EECS Seminar: Decentralized Control of Quadrotor Swarms with End-to-end Deep Reinforcement Learning
Fletcher Jones Foundation Endowed Chair
Computer Science (joint appointment in Electrical and Computer Engineering)
University of Southern California
Abstract: We have recently demonstrated the possibility of learning drone swarm controllers that are zero-shot transferable to real quadrotors via large-scale, multi-agent, end-to-end reinforcement learning. We train policies parameterized by neural networks that are capable of controlling individual drones in a swarm in a fully decentralized manner. Our policies, trained in simulated environments with realistic quadrotor physics, demonstrate advanced flocking behaviors, perform aggressive maneuvers in tight formations while avoiding collisions with each other, break and re-establish formations to avoid collisions with moving obstacles, and efficiently coordinate in pursuit-evasion tasks. The talk will describe these recent results and results of simulation analysis showing how different model architectures and parameters of the training regime influence the final performance of neural swarms. We will demonstrate the successful deployment of the model learned in simulation to highly resource-constrained physical quadrotors performing station-keeping and goal-swapping behaviors.

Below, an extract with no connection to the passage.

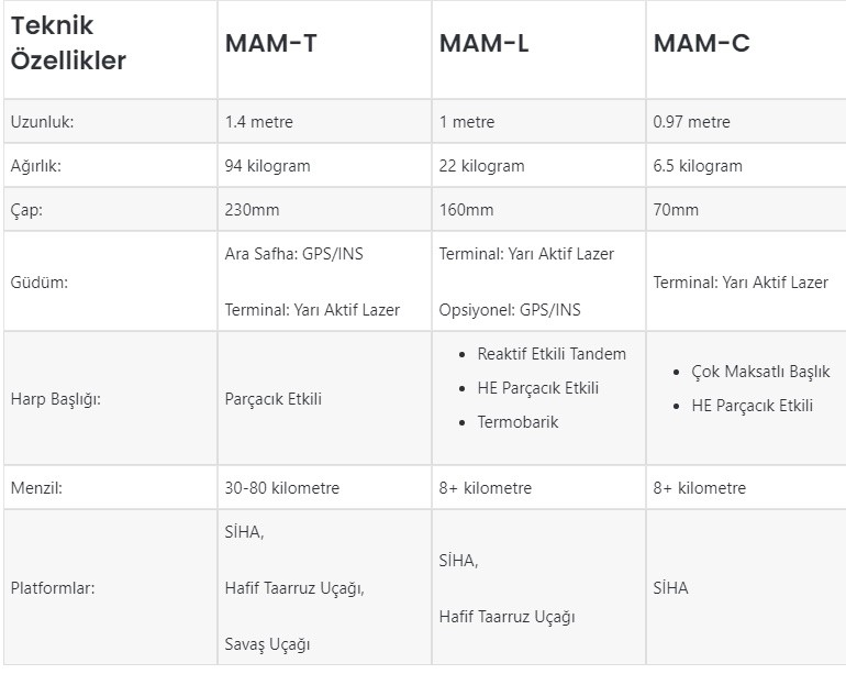 Roketsan’ın mini akıllı mühimmat ailesinin en yeni üyesi olan MAM-T, aynı zamanda ‘en irisi’ konumunda bulunuyor. TEBER Lazer Güdüm Kiti’nden elde edilen tecrübelerle geliştirilen MAM-T; 230 milimetre çapa, 1.4 metre uzunluğa, 94 kilogram ağırlığa, parçacık etkili harp başlığına, ara safha güdüm için GPS/INS’e ve terminal safha güdüm için ise yarı aktif bir lazer arayıcı başlığa sahiptir.

Bio: Gaurav S. Sukhatme is the Fletcher Jones Professor of Computer Science (joint appointment in Electrical Engineering) at the University of Southern California (USC). He served as the executive vice dean at the USC Viterbi School of Engineering from 2017-21 and the chair of the computer science department from 2012-2017. He is currently (2020-present) an Amazon Scholar. He received his undergraduate education at IIT Bombay in computer science and engineering, and M.S. and Ph.D. degrees in computer science from USC. He directs the USC Robotic Embedded Systems Laboratory, which he founded in 2000. His research interests are in multi-robot systems and robot networks. He has published extensively in these and related areas. Sukhatme has served as PI on numerous NSF, DARPA and NASA grants. He was a co-PI on the Center for Embedded Networked Sensing (CENS), an NSF Science and Technology Center. He is a fellow of the AAAI and IEEE, and a recipient of the NSF CAREER award and the Okawa Foundation research award. He is a founder of the Robotics Science and Systems conference. He was program chair of the 2008 ICRA and 2011 IROS. He is the editor-in-chief of Autonomous Robots and has served as associate editor of the IEEE TRO, the IEEE TMC, and on the editorial board of IEEE Pervasive Computing.